Question

from the top of a tower which is 100m height, an observer observes a bus on the ground with an angle of depression 30°,then find the distance between the bus and the tower​

Answer 1

Answer:

173m

Step-by-step explanation:

In Tigonometry

Tan 30° = 1/√3

The distance equals

Tan 30° = 100 / x

( 100 is the height and 'x' is the distance)

1/√3 = 100 / x

x = 100 × √ 3

x = 173

Answer 2

Answer:

Distance between the bus and the tower is 173 meters.

Step-by-step explanation:

Draw a diagram, make sure to mark the angle of depression.

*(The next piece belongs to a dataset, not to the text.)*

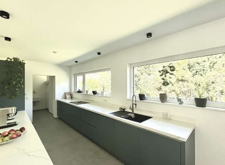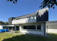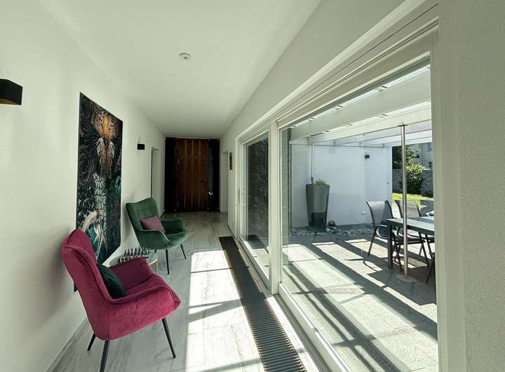 Ob hinsichtlich der weitläufigen Grundstücksgröße oder der besonderen Architektur des Hauses, alles zeigt sich Ihnen bevorzugt. Das Anwesen ist ein idealer Rückzugsort mit geschützter Privatsphäre zum Erholen, Entspannen und Genießen. Die Terrasse „springt“ ins Haus zurück. Mit den großen Fensterelementen ergibt sich dadurch der Atriumcharakter.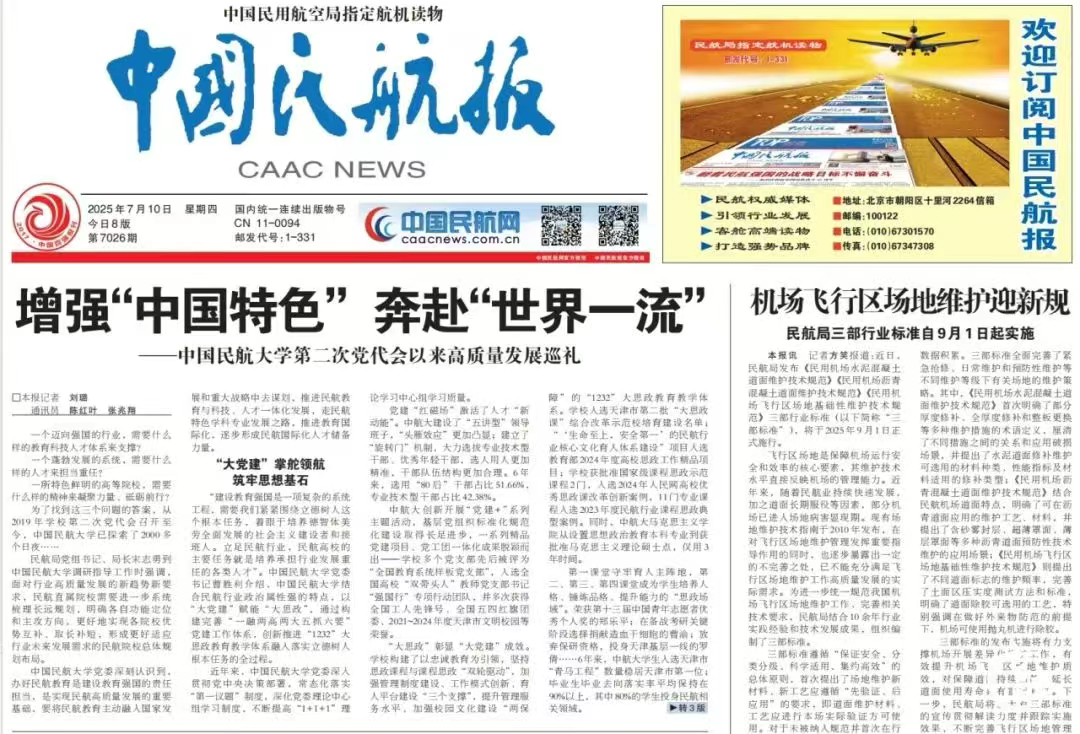 7月10日,在中国共产党中国民航大学第三次代表大会召开之际,《中国民航报》头版头条刊登了题为《奋楫笃行增强“中国特色” 勇毅担当奔赴“世界一流”——中国民航大学第二次党代会以来高质量发展巡礼》的文章,关注中航大第二次党代会以来全面高质量发展的重要举措与成果。

Let AB be the tower = 100m.

Let A be the position of the observer.

Let B be the position of the Bus.

Hence, BC becomes the distance between the bus and the tower.

Angle of depression = 30°

Hence, alternate angle, i.e, the angle of elevation also becomes 30°.

Now, In ΔABC

$\Longrightarrow \sf tan30^\circ = \dfrac{opposite \ side}{adjacent \ side}$

$\Longrightarrow \sf tan30^\circ = \dfrac{100}{BC}$

$\Longrightarrow \sf \dfrac{1}{\sqrt{3}} = \dfrac{100}{BC}$

$\Longrightarrow \sf BC = 100\sqrt{3}$

$\Longrightarrow \sf BC = 100 \times 1.73$

$\Longrightarrow \sf BC = 173m$

Hence, the distance between the bus and the bottom of the tower is 173 meters.

Values used:

√3 = 1.73

tan30° = 1/√3